I was wondering about how the weight of fuel plays a role in the gross weight calculation. I know you have to add it into the equation of weight and balance but I don’t understand what it would have to do with the weight you can put in the fuselage. It seems like with the fuel tanks being supported by the wing and not be transferred through the lift struts like say a passengers weight would be that it would be less of a factor in figuring max gross weight. Just something we were talking about at the hangar and no one could answer.

Max gross weight in a typical light aircraft is a structural and performance limit. All of the weight of the airplane is borne by the wings, regardless of where it is located in the airplane. Fuel in the tanks has inertia that will bend/break things in the wings just like people in the seats, and will definitely keep you from achieving adequate performance on a hot day at high elevation.

I suppose it is true that weight at different locations does stress the structure differently, but to figure out an acceptable loading during pre-flight would be cumbersome. You'd have to add the stress contributions from all the loads at each location where they might be concentrated, and then make sure that those structures won't exceed a safety margin in bending, compression, or tension at the certificated g-load limits. It's would be more complicated than simply having different weight limits for the tanks and for the cabin area, and far too cumbersome. It's much easier if the flight envelope only has total weight and CG.

Let's keep it simple.

The structural part of this question is done by the designer of the aircraft . . . engineers. Pilot's don't need to worry about this, but we do need to keep an aircraft within the limitations given (see Section 2 of any POH for limitations).

The weight and balance is what pilots and mechanics have to do. We need to keep from exceeding the CG envelope limits, zone limits and floor loading limits. That's about all.

For pilots to do W&B we must have the EW and EWCG for the aircraft. Then we add the weights for fuel, the pilot, passengers, cargo, equipment, etc. at the correct stations.

Thanks guys. So I guess it comes down to yes fuel in the wings probably has less of an effect on structural integrity but for practical purposes we just treat it like any other load applied to the airframe with regard to its arm location.

I just felt like 50 pounds in the tanks would be way different structurally than 50 pounds in the seat.
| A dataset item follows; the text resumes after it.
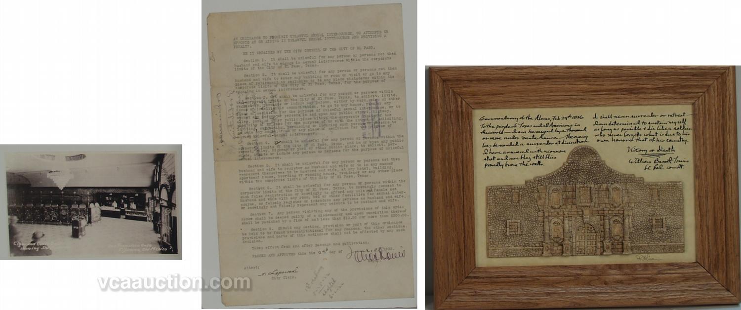 Lot Of 3 Items Including: official letter of "An Ordinance To Prohibit Unlawful Sexual Intercourse, Or Attempts Or Efforts At Or Aiding In Unlawful Sexual Intercourse And Providing A Penalty" For City Of El Paso signed by the Mayor June 2nd, 1922, etc.
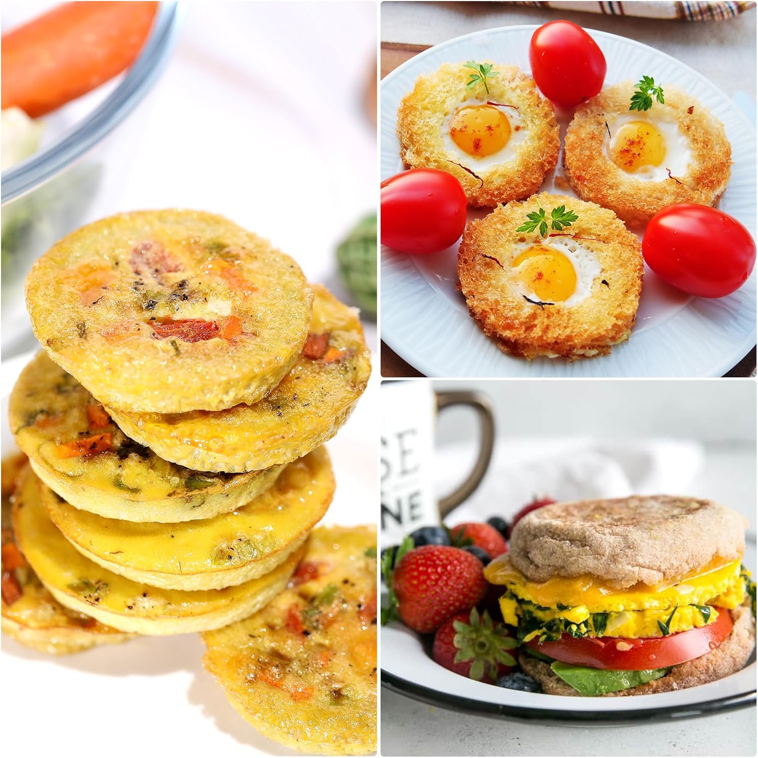 - Multi-funcation: This egg silicone mold is ideal for preparing English muffins, Egg Sandwich, Whoopie Pies, Corn Bread, Egg bites, Tarts, Sandwiches, Muffin tops, Cheesecakes, Hamburger bun, Egg bites, Cookies, Eggs and Fat bombs

For a pilot it doesn't matter. For an aircraft engineer there are structural considerations.

Just my opinion here but I would say when flying lots of fuel just makes you climb out slower. if you have a hard landing full of fuel a small part of that transfers throu the lift struts and the rest goes strait down to the landing gear.

If you look at frame of a Kitfox, it's not a simple structure. Every force applied anywhere on the airplane will induce reaction forces throughout the entire airplane's structure in ways that are not necessarily intuitive. The modes of structural failure that can result from those stresses are also complicated and nonintuitive.

That's why, as Phil says, the problem needs to be condensed and simplified so that pilots can do it, and do it quickly. Distilling the analysis to total weight and total moment (or CG) makes it possible to plot the envelope on two axes. If you're inside, you're good. If you're not, you're not.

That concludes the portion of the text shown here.